1 Chronicles 29:1-20

In the 21st century, standing in the wake of massive stone churches, Crystal Cathedrals, million dollar dog houses, and more church building campaigns than one would care to remember, it is difficult to read a passage about giving to a construction project without a bit of jadedness.  Yet, here it is. There are no two ways around this passage.  David is standing in front of the nation and saying,”Look guys, I gave everything I own to the Temple building project.  How much are you going to give?”  In response to David’s invitation the people stepped up to the plate and poured out gold, silver, bronze, and jewels so that the Temple of God could be magnificent.

Here are a few thoughts:

1. God is not opposed to buildings. 

We must always be careful to not become prideful or judgmental if our decision is to not center our worship or community on a physical space.  God blessed the construction of the Temple.  He was proud to place His name there and let His presence be represented by the ark of the covenant.  It is true that He had no problem abandoning the building when the hearts of the people strayed from Him.  It is also true that, later on, the first churches in Acts had no need for a building. Yet, that does not mean that having a building is wrong or evil.  Just like any good thing, a building can become a physical distraction from a true relationship with God, but, used properly it can also bring great honor to Him as well.

2. Our physical resources do not belong to us. 
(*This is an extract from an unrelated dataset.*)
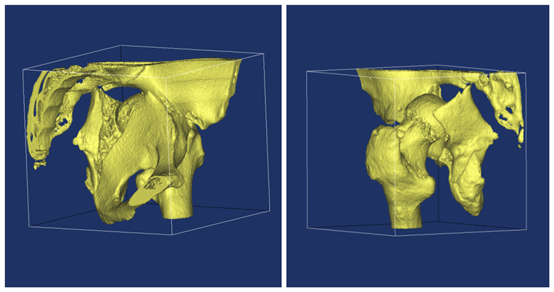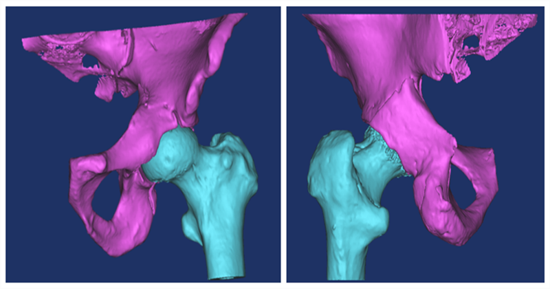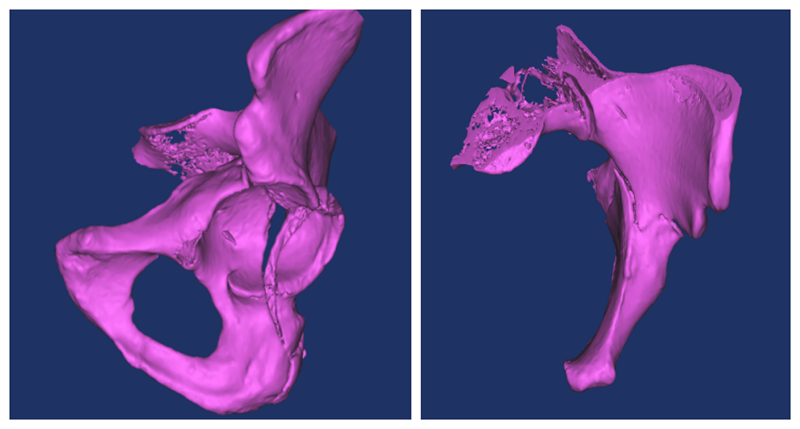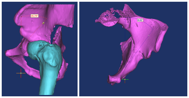 (进行图像分割后获得骨盆髋臼,模拟髂骨斜位与骨盆入口位)

Probably the greatest trap of our culture is the concept of personal possessions.  We believe that we have the right to carve out a piece of land and say “mine.”  We believe that if we work hard then we have earned our gold, that it belongs to us, and that we have the right to do with our money anything that we choose to do.  Mine, mine, mine!  This passage reminds us that nothing belongs to us.  Everything belongs to God.  He has given it to us out of His grace, not our merit.  God gives us physical resources for two reasons.  The first is to provide for our basic needs of food and shelter.  The second is to teach us about stewardship.  As a Christian, one of the paths of spiritual maturity is to move from the idea of ownership to stewardship.  A steward is a servant who has been put in charge of his master’s physical resources.  The master trusts him and expects him to take good care of those resources and to bring about an increase through good management of those resources.  Everything comes from God, belongs to God, and is to be used to bring glory to His name. 

3. It is always a matter of the heart. 

You cannot pay God off.  Many times people think that if they give a lot of money to charity then they can say that they are a good person and not have to deal with the real issues of the heart.  God doesn’t need your money, because, remember, it’s not your money anyway.  God wants your heart. He wants you to be authentically in love with Him and focused on His kingdom and not your own.  The truth is that giving money to the work of God’s Kingdom will not in any way affect your relationship with God, but a person who has a real relationship with God will, without hesitation, give back generously to the master who has given to him.  It’s called the overflow of a transformed heart.

Where is your heart today?  Are you fearfully holding on to your gold?  Or, have you surrendered your notion of ownership and become a steward of God’s resources?  Imagine what could happen if every Christian in the world gave with the same spirit as David’s people did in this passage.